Но тут сквозь летящий снег просветились и прошли огни. Колеса стали замедляться. Проводник сказал, что впереди заносы и поезд простоит до утра. Тогда нам взбрело в голову добраться до станции – нет ли там буфета. Мы непременно хотели веселиться, всем, что представится.

Но это был такой маленький и темный полустанок, что, дойдя до водокачки, мы так и не нашли ни одного окна и, спотыкаясь в снегу, побрели обратно вдоль деревянного палисадника. Мы прошли шагов сто, не слыша друг друга из-за ветра, а вагонов все не было.

Палисадник кончился. Я вспомнил, что мы шли вдоль него от самого нашего вагона. Значит, поезд исчез. Так и было. Он ушел, а мы и не услышали. На полустанке все спали, и никто не мог ничего толком объяснить. Мне пришлось утешать ее, как мог. Наконец я сказал:

– Дойдем до города, какой-то тут есть рядом. Нужно же где-нибудь ночевать. И что мы, собственно, потеряли? Вещей у нас нет. Утром сядем на следующий поезд.

Мы спустились на городскую улицу, дошли до площади, не встретив ни души и с трудом различая, где ступать, – только по светящемуся снегу. Наткнувшись на ограду, мы решили держаться ее, высматривая, нет ли освещенных окон. Мы шли очень долго. Я не мог понять, почему этот жидкий забор и невзрачный сад, мелькавший за ним, тянутся без конца.

Неожиданно мы столкнулись нос к носу с человеком и не успели отшатнуться друг от друга, как он вскрикнул:

– Боже мой! Откуда ты здесь?

Я сразу по голосу узнал его. Это был мой хороший приятель.

– С кем ты? Это твоя жена?

У меня не было времени объяснять, а он спрашивал дальше:

– Что вы здесь делаете? Зачем топчетесь вокруг сквера?

Так вот почему не было конца! Я объяснил, как мы сюда попали.

– Вот что! – сказал он. – Где же вам ночевать? – Хорош вопрос! – Придется у меня… у нас… – продолжал он с растерянным видом. – Идите за мной.

Наконец мы добрались до светящихся окон. Прошли длинный застроенный двор и вошли в дом приятеля. Нас встретила его жена. Она была высокая, с круглым лицом и широкой копной светлых вьющихся волос. Черты лица у нее были тонкие, маленький, точно детский рот, который трудно найти губами, а круглый подбородок выдавался, и я опять неожиданно словно почувствовал губами кожу этого подбородка, так что даже пожал плечами про себя.

Она заботливо поила нас чаем, говорила тихим ласковым голосом. Двигалась медленно и бесшумно. Мы сидели вчетвером за поздним столом, и я украдкой разглядывал ее лицо, не мог оторваться и не понимал, что меня в ней беспокоит. Мне приходили неожиданные мысли – мучительное и сладкое любопытство.
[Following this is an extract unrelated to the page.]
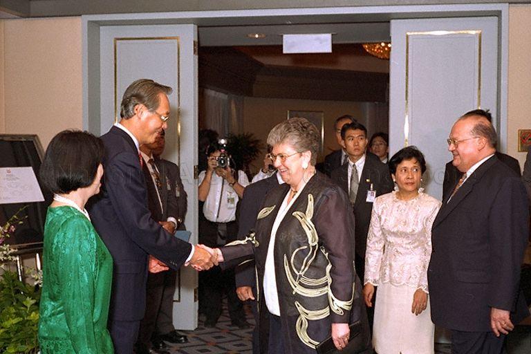 PRIME MINISTER GOH CHOK TONG WELCOMING MRS CELIA DEHAENE, THE WIFE OF THE PRIME MINSTER OF BELGIUM JEAN-LUC TO DINNER AT THE COMPASS ROSE, WESTIN STAMFORD HOTEL HOSTED BY THE HIM AND HIS WIFE

Чем дольше я глядел на нее, тем больше мне делалось не по себе, но я так устал от снега и ходьбы в темноте, что чуть не засыпал за столом. Несмотря на усталость, я несколько раз замечал, что жена приятеля внимательно разглядывает мою жену. Наконец, вставши из-за стола, она ее спросила:

– Какой у вас миленький платок. Вы, наверное, боялись простудиться?

– Очень удачно, – сказал я, обращаясь к жене, – что ты накинула его перед нашим походом в буфет. И как это нас угораздило?

– Можно взглянуть поближе? – спросила хозяйка. Моя жена сняла с шеи и подала ей косынку, которую та быстро схватила, но, как будто забыв о том, что держит ее в руке, оборвала себя:

– Да вы падаете от этого ночного гуляния, а мы вас морим. Идемте. Вы нас извините. Если бы мы приготовились, было бы иначе. Для вас есть постель, – сказала она жене, ведя нас по длинному коридору. И, обернувшись ко мне: – А вам придется проспать ночь на диване, уж извините, в смежной комнате. Там постлан ковер и вышитые подушки.

Я так устал, что, свалившись на диван, сразу же закрыл глаза. Я чувствовал, что нужно было что-то сказать, хотел вспомнить, но так и не успел, заснул. Но очень тревожно. Может, эта забота и разбудила меня. Я открыл глаза и сел в темноте, снова припоминая, и сообразил, что не предупредил приятеля и не спросил у него о завтрашнем поезде, который мы могли проспать.

Как ни глупо это было сейчас, я решил, что придется это сделать и, полуосознанно бормоча какие-то вежливости, вроде «страшно неудобно, но…», нашел ощупью дверь. Выходную, как мне казалось.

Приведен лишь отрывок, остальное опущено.